**EXERCISE OBJECTIVE:** Repeat all of the records word for word, but skip any picture.

⁂

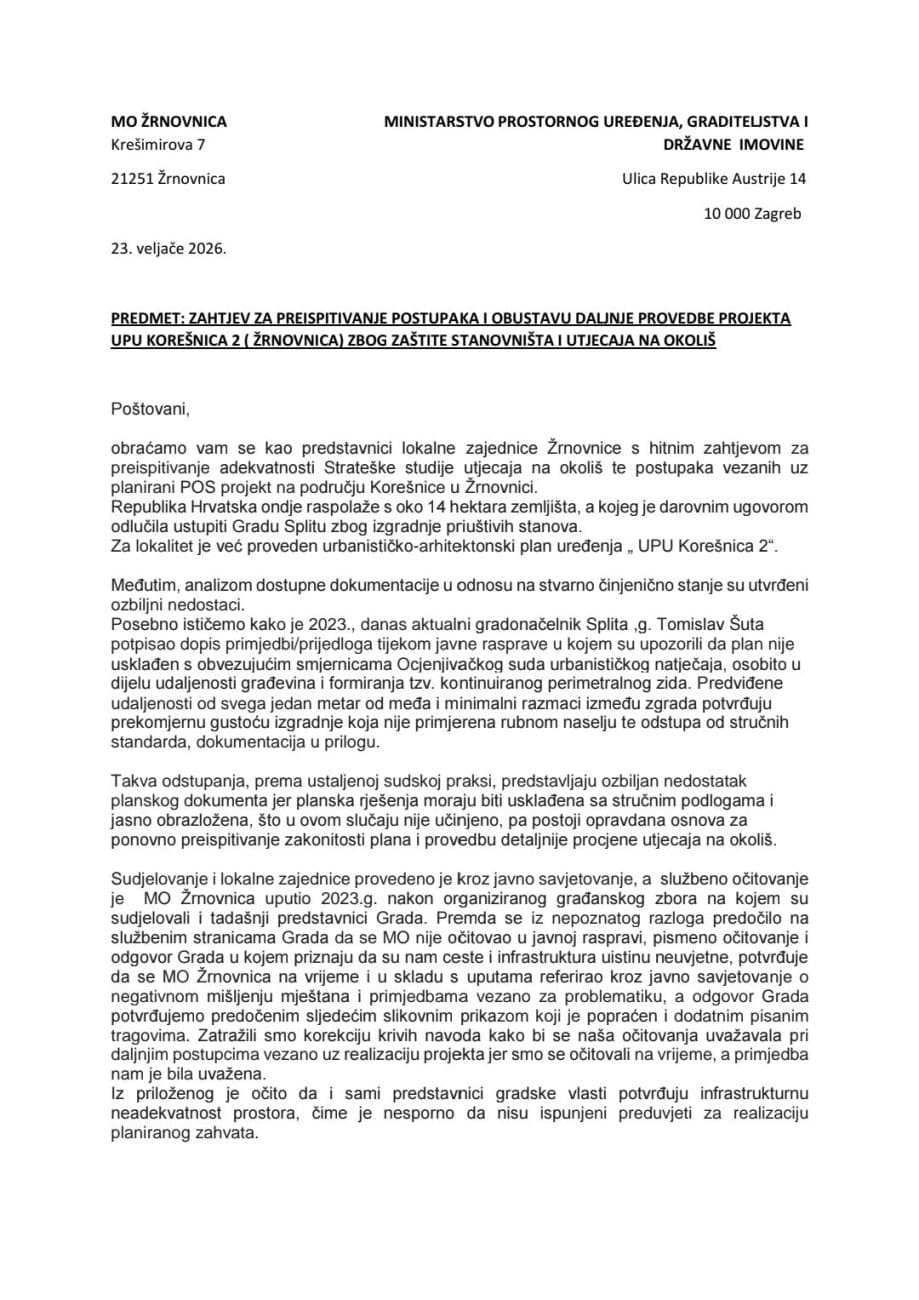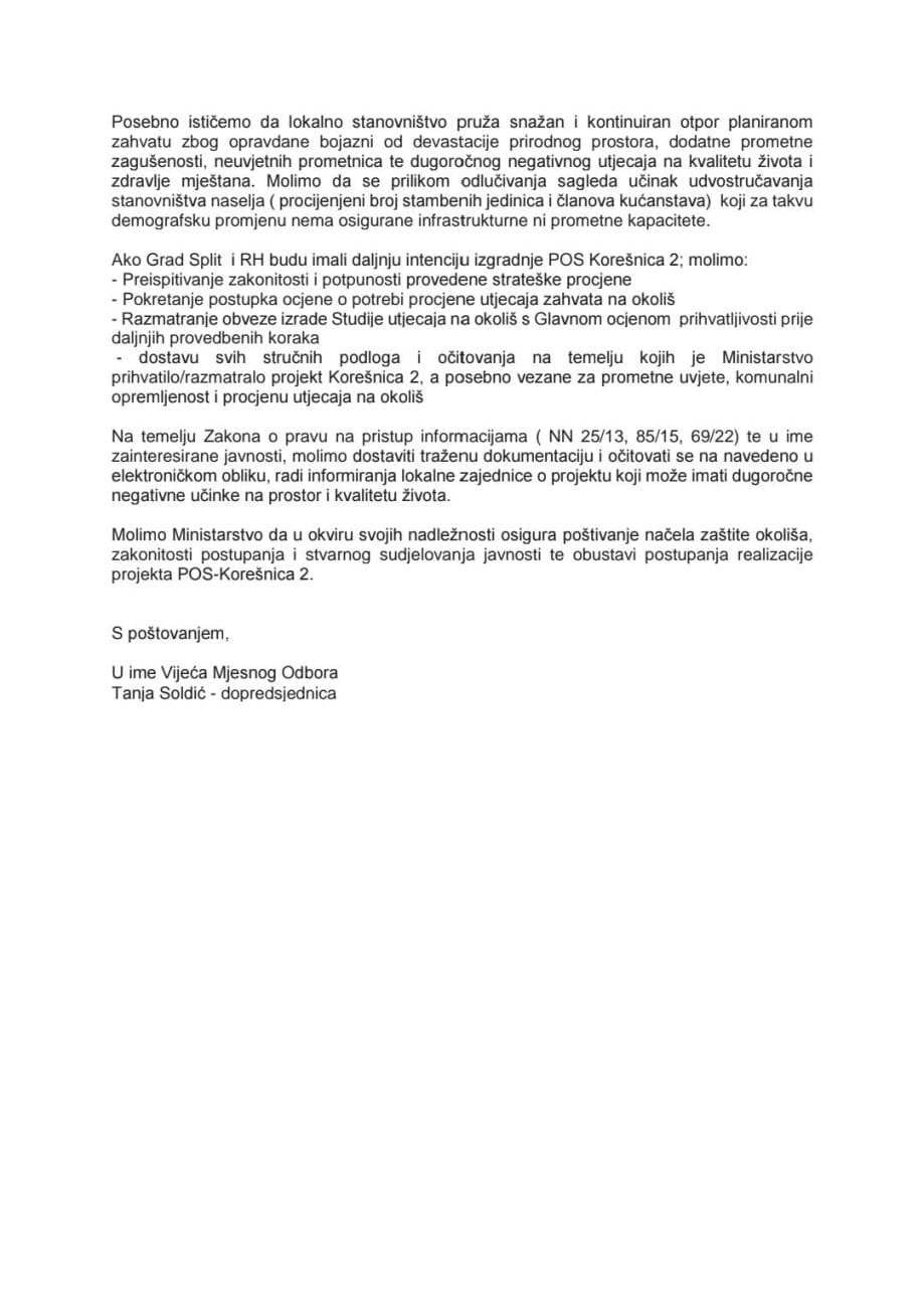 Nakon što je posljednjih dana projekt Korešnica 2 izazvao snažne reakcije dijela žrnovničke javnosti, dopredsjednica Mjesnog odbora Žrnovnica Tanja Soldić danas se ponovno oglasila, ovaj put najavljujući konkretne korake prema državnim institucijama.
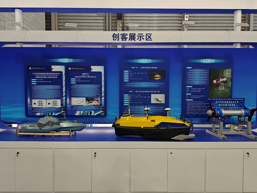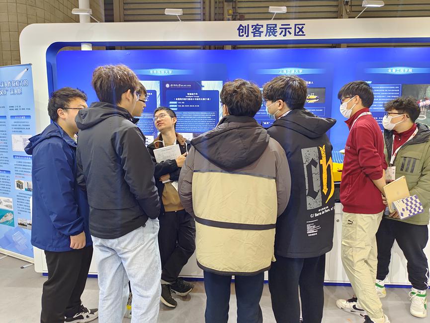 另外,我院两项海航器大赛特等奖作品参与此次中国造船工程学会创客展区展览,分别是A2类特等奖《海洋航行器声诱饵发射的瞬态噪声预报分析技术》与C1-1类特等奖《基于stm32的智能航行船》。我院学生代表积极向各位参展人员介绍两项获奖作品,并与上海交通大学等高校的同学开展交流学习,展现了我院学子崇尚科学、实践求知的精神风貌。
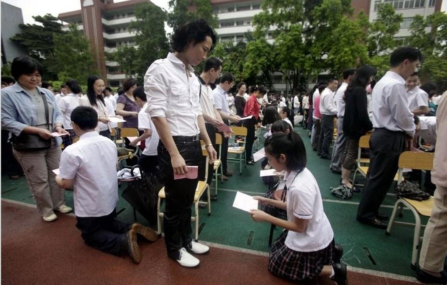5月4日下午,广东实验中学初中部,一场特别的青年礼在操场上举行。初二全体同学跪在操场上,从父母手里接过了父母写给自己的家书。不少同学称这是自己第一次“跪父母”。
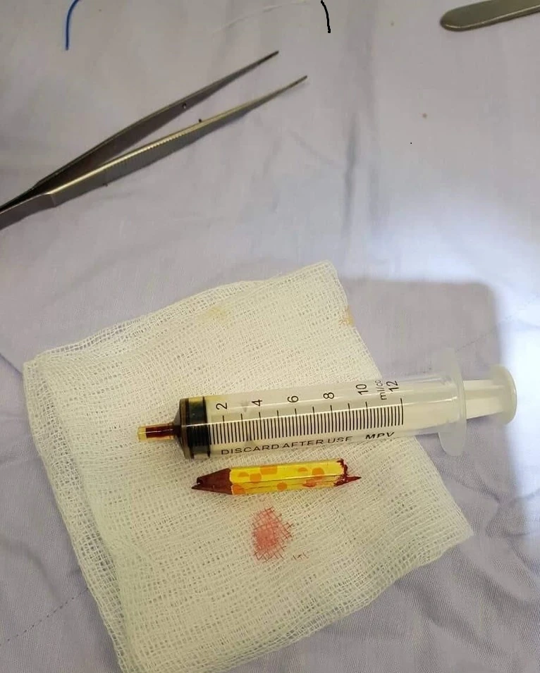 Tại phòng mổ, bác sĩ rạch da ngang mũi khoảng 2cm, quan sát thấy đuôi cây bút chì nằm sâu 1cm dưới da, bóc tách dần qua các lớp mỡ, cơ, đường đi khá dài và sâu xuống gần khoé môi trên. May mắn cho bệnh nhân này là dị vật đi ngang dọc theo các cơ bám da mũi trái, phải nên không ảnh hưởng đến các mạch máu, thần kinh.
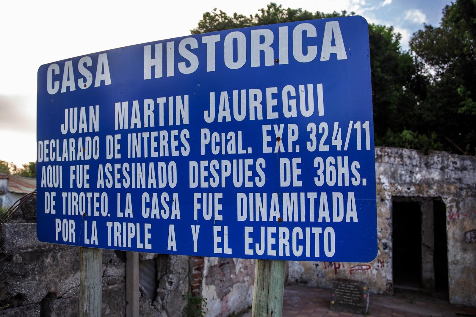 Según consta en el expediente, los efectivos pidieron la presencia de un experto en explosivos. Al lugar arribó el Subinspector Mariano Meroni quien, al querer abrir la puerta de la casa del Negro Jáuregui, recibió una perdigonada.
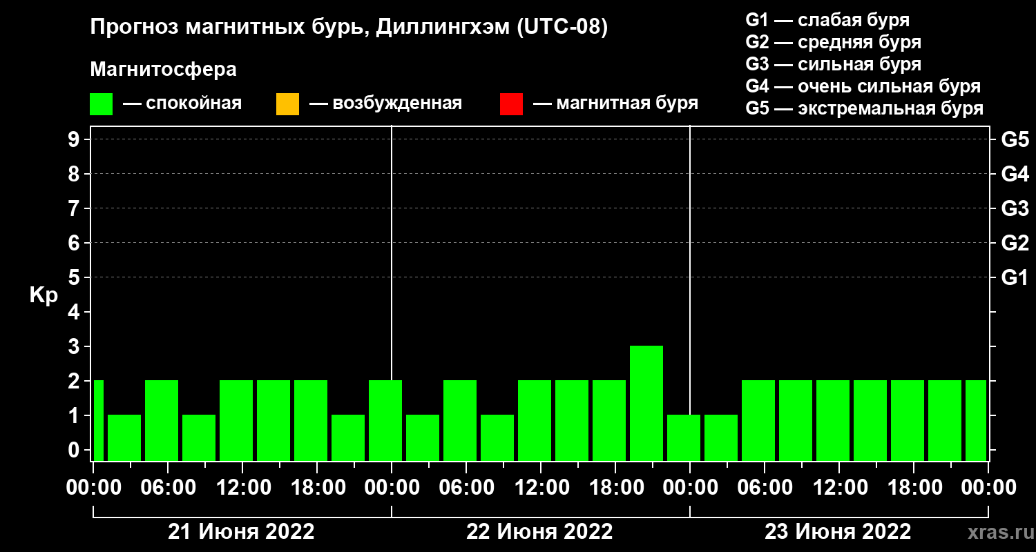 Прогноз магнитных бурь в Диллингхэме на 21 июня 2022 года
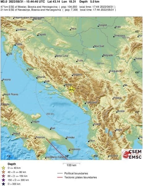 Iako je prema prvim informacijama EMSC-a potres bio magnitude 3.4 prema Richteru, u međuvremenu je smanjen na 3.0.
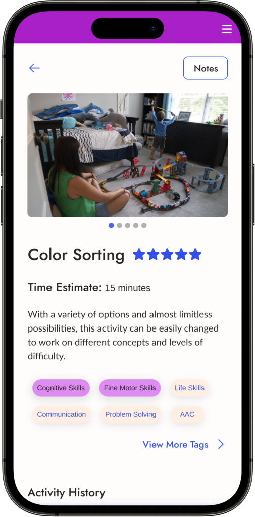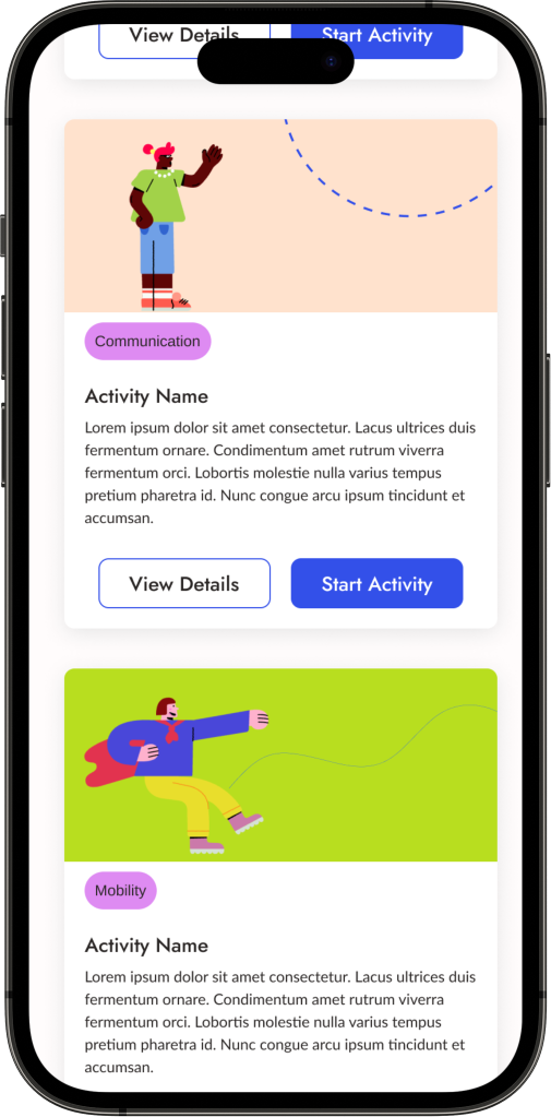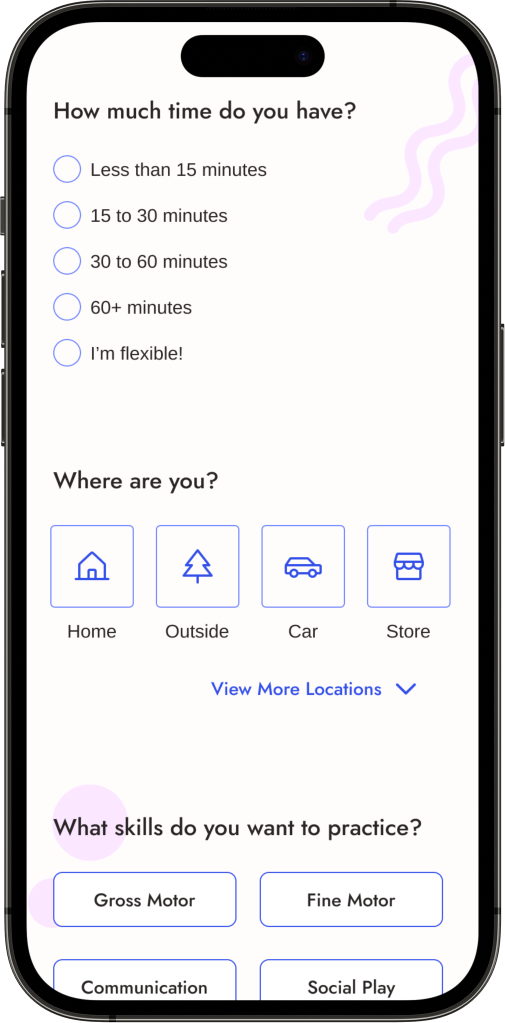 To minimize decision fatigue, the app includes an activity finder feature where caregivers take a very short survey to get matched with an activity based on their answers.

⁂

**RESPONSE TO THE EXERCISE:**
 Nakon što je posljednjih dana projekt Korešnica 2 izazvao snažne reakcije dijela žrnovničke javnosti, dopredsjednica Mjesnog odbora Žrnovnica Tanja Soldić danas se ponovno oglasila, ovaj put najavljujući konkretne korake prema državnim institucijama.
 另外,我院两项海航器大赛特等奖作品参与此次中国造船工程学会创客展区展览,分别是A2类特等奖《海洋航行器声诱饵发射的瞬态噪声预报分析技术》与C1-1类特等奖《基于stm32的智能航行船》。我院学生代表积极向各位参展人员介绍两项获奖作品,并与上海交通大学等高校的同学开展交流学习,展现了我院学子崇尚科学、实践求知的精神风貌。
5月4日下午,广东实验中学初中部,一场特别的青年礼在操场上举行。初二全体同学跪在操场上,从父母手里接过了父母写给自己的家书。不少同学称这是自己第一次“跪父母”。
 Tại phòng mổ, bác sĩ rạch da ngang mũi khoảng 2cm, quan sát thấy đuôi cây bút chì nằm sâu 1cm dưới da, bóc tách dần qua các lớp mỡ, cơ, đường đi khá dài và sâu xuống gần khoé môi trên. May mắn cho bệnh nhân này là dị vật đi ngang dọc theo các cơ bám da mũi trái, phải nên không ảnh hưởng đến các mạch máu, thần kinh.
 Según consta en el expediente, los efectivos pidieron la presencia de un experto en explosivos. Al lugar arribó el Subinspector Mariano Meroni quien, al querer abrir la puerta de la casa del Negro Jáuregui, recibió una perdigonada.
 Прогноз магнитных бурь в Диллингхэме на 21 июня 2022 года
 Iako je prema prvim informacijama EMSC-a potres bio magnitude 3.4 prema Richteru, u međuvremenu je smanjen na 3.0.
 To minimize decision fatigue, the app includes an activity finder feature where caregivers take a very short survey to get matched with an activity based on their answers.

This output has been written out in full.